Aku menatap Ade –adik Zodi yang sudah berharap sekali aku bisa menikah dengan Zodi. Aku kira dia sudah membenciku karena aku mengambil keputusan untuk lari dari rencana pernikahanku sendiri. Ternyata aku salah. Semua keluarga Zodi yang datang dan duduk di ruang tengah bersamaku masih berharap aku berubah pikiran. Sepertinya aku memang nggak perlu datang ke acara kumpul keluarga seperti ini dan makan malam saja dengan Jedy karena dia sudah mengajaknya sejak malam Rabu kemarin.
“Dulu, waktu Bunda mau nikah sama Ayah juga pusing ngatur keuangan, Nel. Bunda maunya begini, Ayah maunya begitu. Ya, nggak ketemu.”
“Tapi akhirnya gimana, Bun? Bunda nggak pernah cerita sama Ade.”
“Ya, ngapain Bunda cerita kisah yang cuma bikin malu kalo Bunda ingat lagi.”
“Emang malu kenapa, Bun?”
“Nikah sama Ayah udah direncanain baik-baik, eh, Ayahnya kena demam berdarah. Ya, semua keuangan yang udah dipersiapkan terpaksa untuk bayar biaya rumah sakit dan berobat Ayah dulu. Belum lagi usaha katering Bunda yang bangkrut. Padahal kakak Nelly itu pelanggan setia Bunda. Dia sampai support Bunda dulu. Bunda inget banget, waktu itu Zodi baru kenalan sama Nelly juga. Tapi dunia ini memang sempit kan, ya. Ketemunya pasti orang itu lagi-orang itu lagi. Kalo kamu mau usaha, harus hitungkan matang-matang ya, De. Jangan sampai kayak Bunda.”
“Iya-iya. Terusin, Bun?”
Aku hanya menyimak cerita Bunda dan reaksi Ade yang begitu antusias. Sementara Zodi hanya duduk di hadapanku menatapku lekat.

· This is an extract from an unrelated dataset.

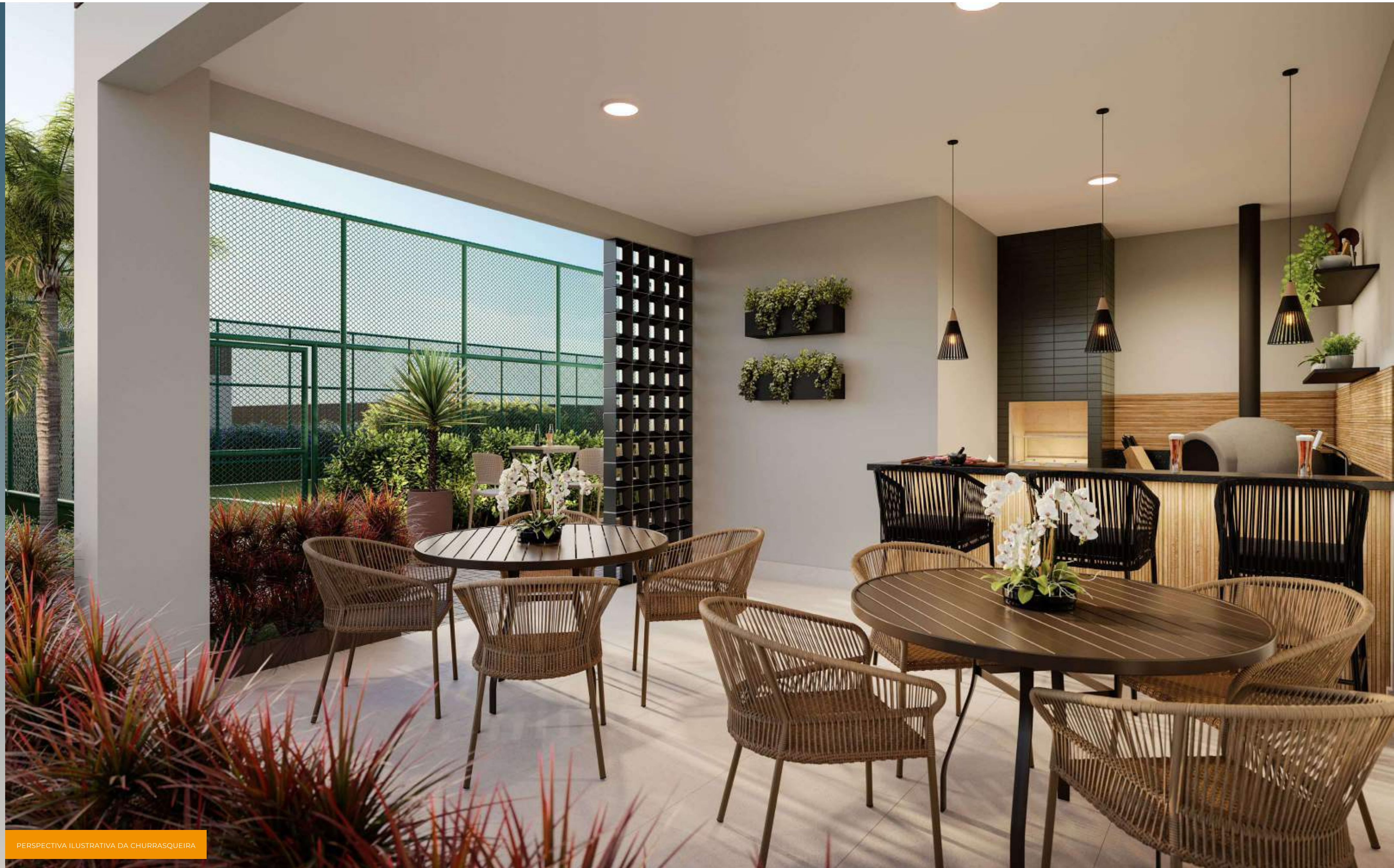
PERSPECTIVA ILUSTRATIVA DA CHURRASQUEIRA

“Udah, ah! Bunda nggak mau cerita gratisan lagi. Kalo Ade mau dengar lanjutannya ya, bayar ke Bunda ya!?” tanya Bunda sambil menengadahkan tangannya ke Ade.
“Iyo, wani piro, De!?” seru yang lain sambil terkekeh. Sepertinya itu salah satu saudara dari Ayah Zodi yang datang dari Jawa. Tapi aku belum pernah melihat gadis seusia remaja dan berambut lurus namun lebih pendek dariku itu.
“Iih, Bunda jadi matre,” seru Ade terheran, dan aku hanya meringis masam.
Ayah, Zodi, dan saudara-saudaranya yang nggak bisa kuingat namanya satu per satu juga tertawa mendengar gurauan Bunda.
“Selama ini Bunda terus yang kasih uang jajan ke kamu. Gantian dooong! Kalo kamu mau dengar lanjutannya,” lanjut Bunda.
Yang lain ikut mengangguk setuju saja. Dari dulu, Bunda memang sayang dengan anak bungsunya dan selalu ingin bercanda dengan Ade. Aku menatap keduanya dengan senyum tipis.
“Nggak jadi, Bun. Nggak jadi. Mending aku masak buat Kak Nelly aja deh.”
Semua sontak tertawa renyah mendengar candaan Bunda dan reaksi kecewa Ade.
“Yang enak ya, De! Udah cucok kamu jadi koki untuk prasmanan Abang kamu nanti,” celetuk saudaranya yang lebih muda dari Ade.